Last Feb. 28, Tugade said there were 118,238 operational units of different PUV modes and that on March 15, there will be 8,729 more operational units of different PUV modes that will ply 1,585 routes.
Through the program, the government, through the DOTr and LTFRB, will provide weekly payments to operators or drivers based on “kilometers traveled,” with or without passengers. This is on top of a one-time incentive of P5,000.
In June 2021, the DOTr said the payment for each kilometer was P82.50 for PUBs and P52.50 for PUJs. Considering Siy’s computations, with 57 kilometers every day, the P7 billion is only enough for less than 3 months for PUJs.
Alternative
Move As One said the government should reconsider the implementation of the SCP as Libreng Sakay or a gross service contracting program.

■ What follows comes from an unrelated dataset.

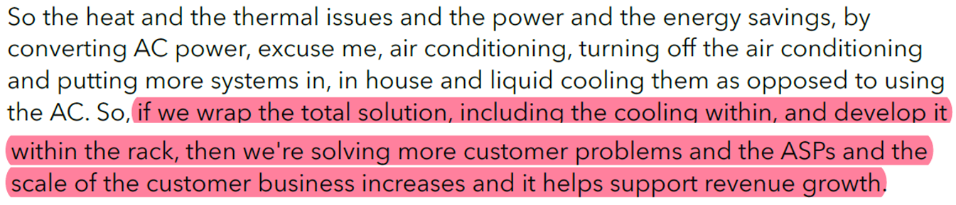 SMCI 專注於為客戶打造更好的解決方案,因此如果客戶需要液冷系統,SMCI 就會開始著手進行,除了最佳配置、最低功耗外,再加上最佳冷卻,真正為客戶提供整體解決方案;

Instead, the DOTr and LTFRB should optimize the resources by giving 50 percent of the P7 billion to a net service contracting program, which will be accessed by small cooperatives, especially by traditional PUJ operators or drivers.
The Department of Budget and Management, which already released the P7 billion to the DOTr, said the SCP will be implemented through net cost contracting and gross cost contracting.
“We believe that SCP is best implemented to partially subsidize public conveyance and still allow transport cooperatives and corporations to collect fares,” it said.
Move As One stressed that this will expand the reach of the program and will sustain public transport operations longer than Libreng Sakay.